MASHA: What do you mean by that, you terribly frightening man?

SOLYONY: Nothing. He couldn’t even sigh before a bear sat on him.

(Pause.)

MASHA (to Olga, angrily): Don’t cry!

(Anfisa and Ferapont enter with a cake.)

ANFISA: This way, my dear soul. Come in, your boots are clean. (To Irina.) From the District Council, from Protopopov, Mikhail Ivanych… A pie.

IRINA: Thank you. Please thank him. (Accepts the cake.)

FERAPONT: What?

IRINA (louder): Please thank him!

OLGA: Nanny, give him some pie. Ferapont, go, they’ll give you some pie over there.

FERAPONT: What?

ANFISA: Let’s go, my dear Ferapont Spiridonovich.
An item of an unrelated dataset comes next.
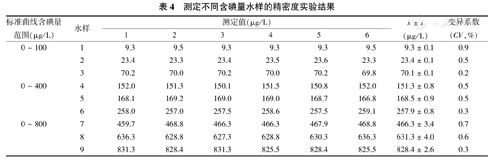 3种碘标准曲线范围内样品检测CV值均< 1.0%,见表4。

Let’s go… (Leaves with Ferapont.)

MASHA: I don’t like Protopopov, that Mikhail Potapych, or Ivanych. He shouldn’t be invited.

IRINA: I didn’t invite him.

MASHA: Excellent.

(Chebutykin enters, followed by a soldier with a silver samovar; a murmur of astonishment and dissatisfaction.)

OLGA (covering her face with her hands): A samovar! This is awful! (Goes into the ballroom towards the table.)

IRINA, TUZENBACH, and MASHA together:

IRINA: Dearest Ivan Romanych, what are you doing!

TUZENBACH (laughs): I told you so.

MASHA: Ivan Romanych, you simply have no shame!

CHEBUTYKIN: My darlings, my dear ones, you are the only ones for me, you are the dearest thing I have in the world. I’ll soon be sixty, I’m an old man, a lonely, insignificant old man… There is nothing good in me, except this love for you, and if it weren’t for you, I wouldn’t have lived on this earth for a long time… (To Irina.) My dear, my little girl, I’ve known you since the day you were born… carried you in my arms… I loved your late mother…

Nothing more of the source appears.